* _Dataset excerpt_
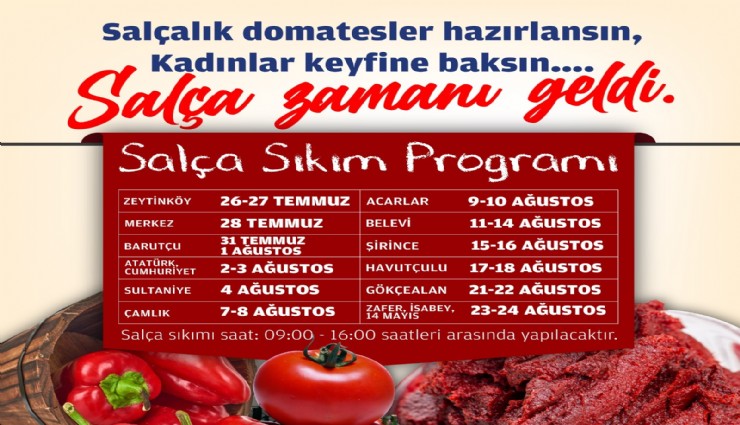 Kış hazırlıkları içinde önemli bir yer tutan salça yapımını kolaylaştıran salça makinası belirtilen tarihlerde (09.00- 16.00 saatleri arasında) köylerde ve merkez mahallelerde olacak.
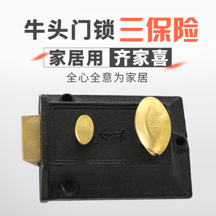 双保险牛头锁老式 暗锁木门门锁 房门锁牛头牌弹子门锁二保险锁外装
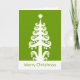 Un Navidad o tarjeta de vacaciones con diseño de árbol de Navidad. "Feliz Navidad" por delante y por dentro. También se puede cambiar el saludo.
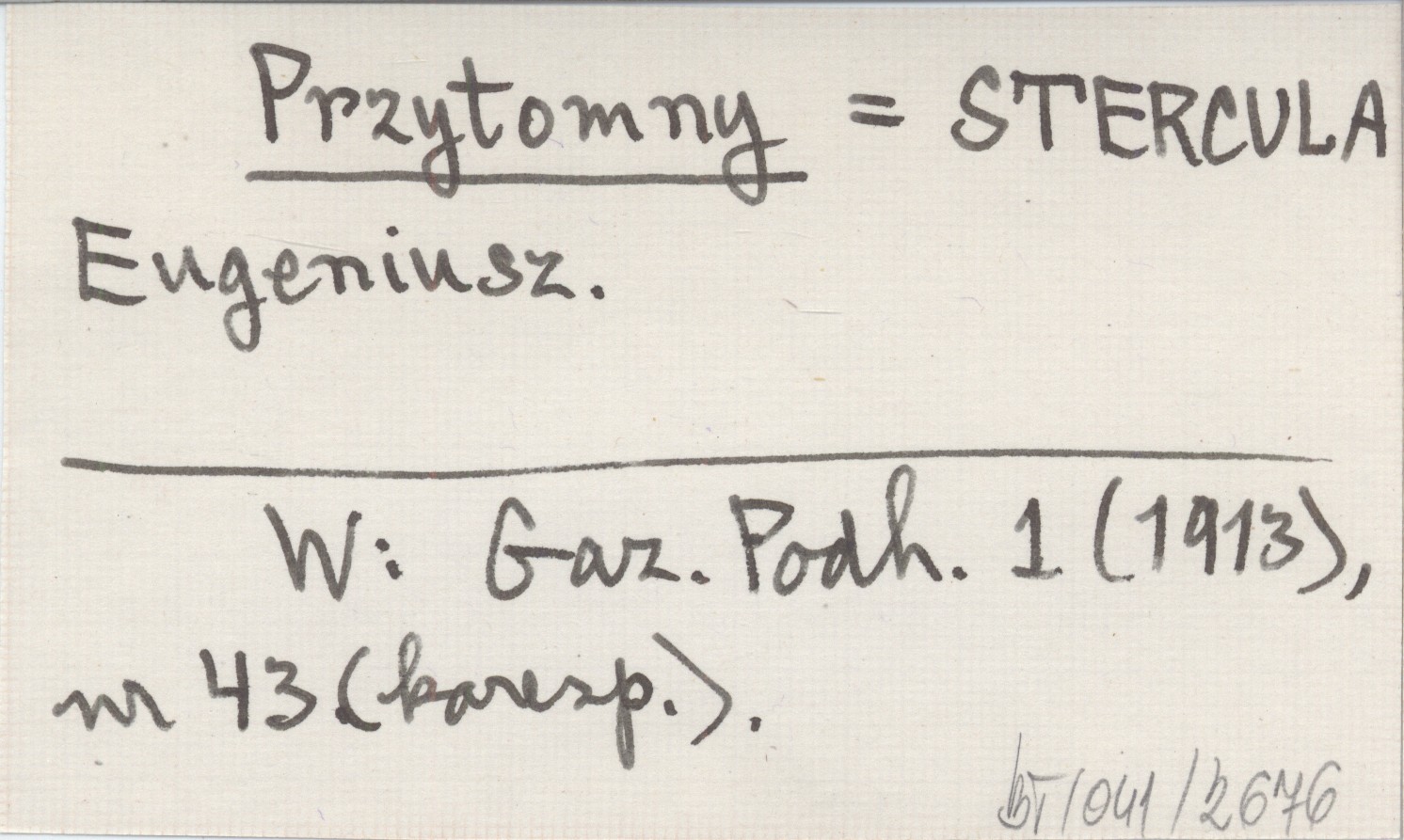 Przytomny STERCULA Eugeniusz Gazeta Podhalańska 1 (1913), nr 43 (koresp.).

* _Task instructions_
Give every line of the data above again as it stands; the pictures stay out.

* _Written solution_
 Kış hazırlıkları içinde önemli bir yer tutan salça yapımını kolaylaştıran salça makinası belirtilen tarihlerde (09.00- 16.00 saatleri arasında) köylerde ve merkez mahallelerde olacak.
 双保险牛头锁老式 暗锁木门门锁 房门锁牛头牌弹子门锁二保险锁外装
 Un Navidad o tarjeta de vacaciones con diseño de árbol de Navidad. "Feliz Navidad" por delante y por dentro. También se puede cambiar el saludo.
 Przytomny STERCULA Eugeniusz Gazeta Podhalańska 1 (1913), nr 43 (koresp.).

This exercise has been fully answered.